The Doctor tapped his chin. "I hadn't actually thought of that…I guess I'll have to make sure to strike first. Assuming it's not a past or future version of myself because that would be bad…But anyway, here we are!"

Shawn and Gus exchanged a look.

"Where are we?" Gus asked.

"Inside of the TARDIS, the same place we've been for the last twenty minutes," Shawn reminded him. "Don't you ever listen?"

Gus ignored the mock-rebuke. "I mean, where are we outside of the TARDIS? Surely not still Santa Barbara in 2007?"

"No, that much I can promise you," the Doctor replied. "It is not Santa Barbara nor the year 2007. Other than that…well, that would be telling, now would it? And remember: this is just one trip. We're going to have a little adventure here and then you're both going right back home. Understand?"

Shawn and Gus turned around to confer.

"Dude, there is no way we're going home after just one trip," Shawn declared.

"Unless we don't like it," Gus told him. "If we don't like it then we're most certainly going home."

Shawn nodded. "Granted but if the Doctor really didn't think we'd like it then why would he make such a big deal about it being only one trip before we even start?"

"He clearly likes it or he wouldn't keep doing it," Gus reasoned. "And so he probably assumes that other people would like it, too, but that doesn't mean that we necessarily will."

"We probably will," Shawn told him.

Gus snorted. "You mean you probably will."

"Gus…time travel! Name one time that's ever been bad," Shawn challenged.

"Back to the Future, Terminator, the Butterfly Effect, the Time Traveler's Wife…" Gus listed off.

"Now you're just making things up," Shawn accused. "Admit it. You're excited to be here."

"I couldn't possibly bring myself to leave you unsupervised with access to a time machine," Gus claimed.
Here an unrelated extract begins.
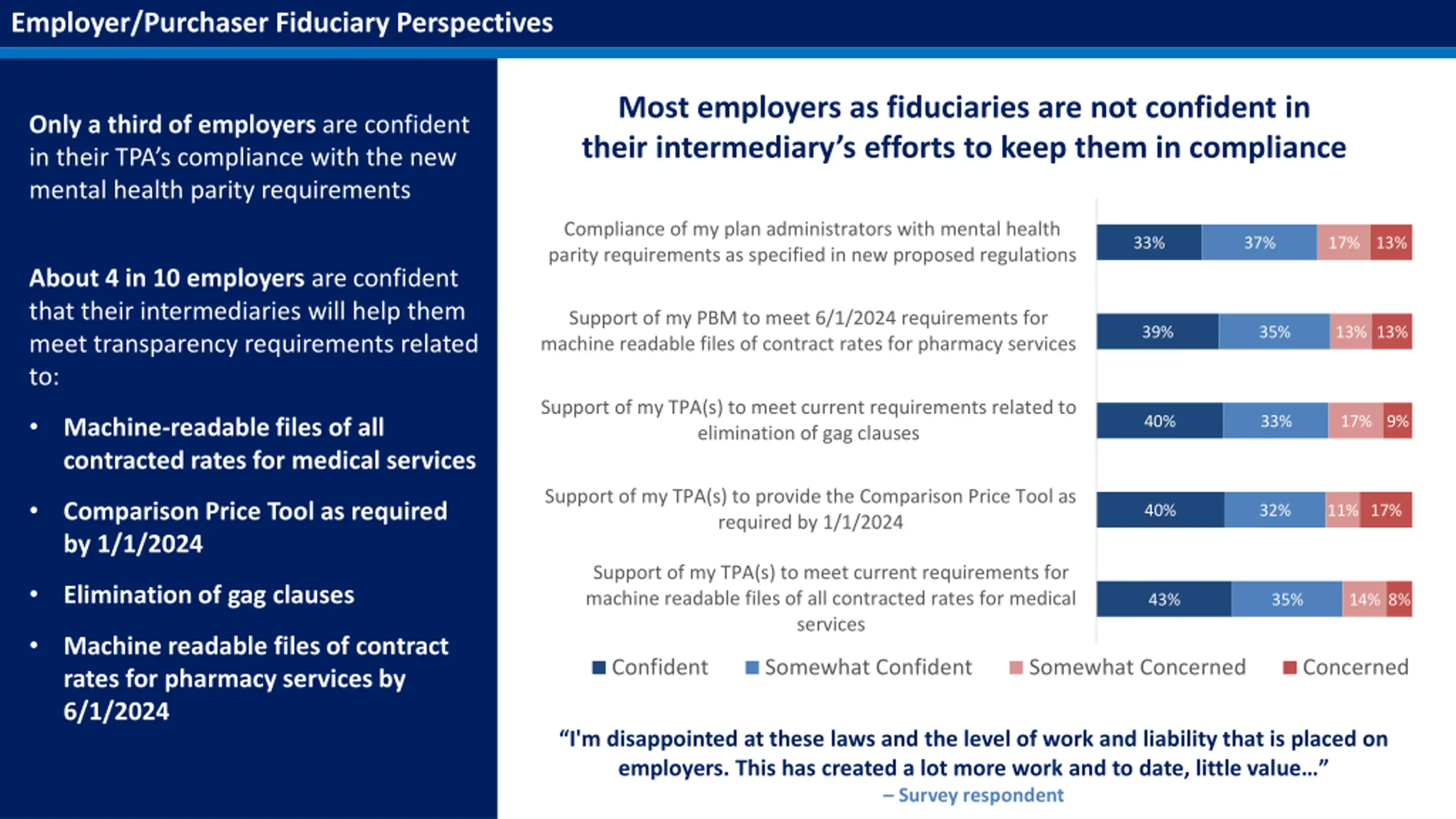 Employer/Purchaser Fiduciary Perspectives Most employers as fiduciaries are not confident in their intermediary s efforts to keep them in compliance Only a third of employers are confident in their TPA s compliance with the new mental health parity requirements Compliance of my plan administrators with mental health parity requirements as specified in new proposed regulations 33% 37% 17% 13% About 4 in 10 employers are confident that their intermediaries will help them meet transparency requirements related to: Support of my PBM to meet 6/1/2024 requirements for machine readable files of contract rates for pharmacy services 39% 35% 13% 13% Support of my TPA(s) to meet current requirements related to elimination of gag clauses 40% 33% 17% 9% Machine-readable files of all contracted rates for medical services Support of my TPA(s) to provide the Comparison Price Tool as required by 1/1/2024 Comparison Price Tool as required by 1/1/2024 40% 32% 11% 17% Support of my TPA(s) to meet current requirements for machine readable files of all contracted rates for medical services Elimination of gag clauses 43% 35% 14% 8% Machine readable files of contract rates for pharmacy services by 6/1/2024 Confident Somewhat Confident Somewhat Concerned Concerned I'm disappointed at these laws and the level of work and liability that is placed on employers. This has created a lot more work and to date, little value Survey respondent
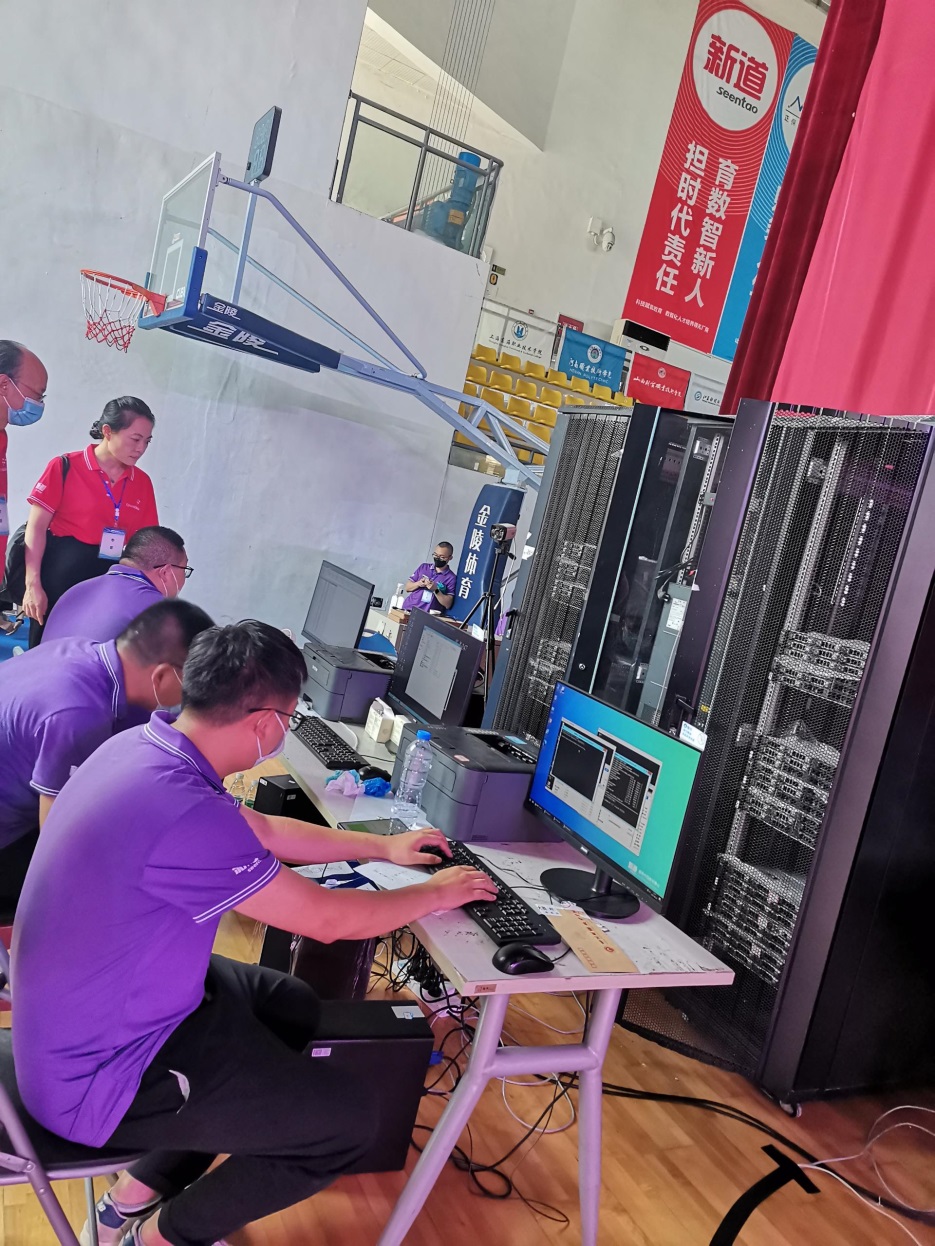 现代教育与信息技术中心在今年暑假7月20号就开始了大赛的各项工作准备,主要负责大赛出题场和赛场的技术支持,包括比赛用机的软件、硬件、赛用服务器的安装调试,赛场局域网的搭建调试,赛场LED屏及音响的调试与操作,摄影摄像,保密室监控安装等一系列保障工作,确保大赛的顺利完成。

Shawn laughed. "Just keep telling yourself that, buddy."

"So…how are we going to get around this 'one trip' thing?" Gus asked.

Shawn shrugged. "Make use of any and all opportunities to stall?"

They turned back around.

"Are you ready?" the Doctor asked, an eager grin on his face.

"We were born ready," Shawn confirmed.

The Doctor opened the door and gestured dramatically towards it. "Outside this door, a brave new world. After you."

Gus and Shawn stepped out of the TARDIS to see what could only be described as the distant past. It smelled something fierce, the people in it looked dirty, and it all have a very small village vibe.

"What are we, colonial era?" Gus asked.

"I believe the word you're looking for is 'when' are we," Shawn corrected. He spied something out of the corner of his eye and quickly stepped back.

The Doctor pulled Gus back as well and the contents of a privy just barely avoided landing on his head. "Somewhere before the invention of the toilet. Sorry about that."

"You could have warned me, Shawn!" Gus cried out.

Shawn nodded. "That is probably true."

"We're in London at around…1599," the Doctor announced.

"That's oddly specific for an 'around'," Shawn remarked. "Most people would have gone with a nice even 'around 1600.'"

"Why London?" Gus asked. "I mean, I guess there wouldn't be much we'd recognize going on in America right now but…"

The Doctor shrugged. "I've always been partial to London. So much so that this time around I've even got one of their accents."

"This time around?" Shawn asked curiously.

"Oh, when I'm dying I regenerate," the Doctor explained airily. "I look and sound completely different and have a new personality though I keep the same memories. I've regenerated a little over nine times so far but I've yet to manage to be a ginger…"

"Don't feel bad," Shawn told him. "In my experience, red hair looks infinitely better on women than it does on men."

"How do you regenerate 'a little over' nine times?" Gus wanted to know.

"One time it was just a hand after mine had been cut off in a duel. I never did find the original, come to think of it. Well, shall we be off?" the Doctor asked, as if this was the most normal thing in the world. He started to walk away from the TARDIS. Shawn followed him but Gus stayed right where he was.

"Wait…is this even safe?" Gus asked.

"Oh, don't tell me you think the locals are going to murder you," Shawn said, shaking his head in disbelief. "If that's your attitude, you'll never have any fun."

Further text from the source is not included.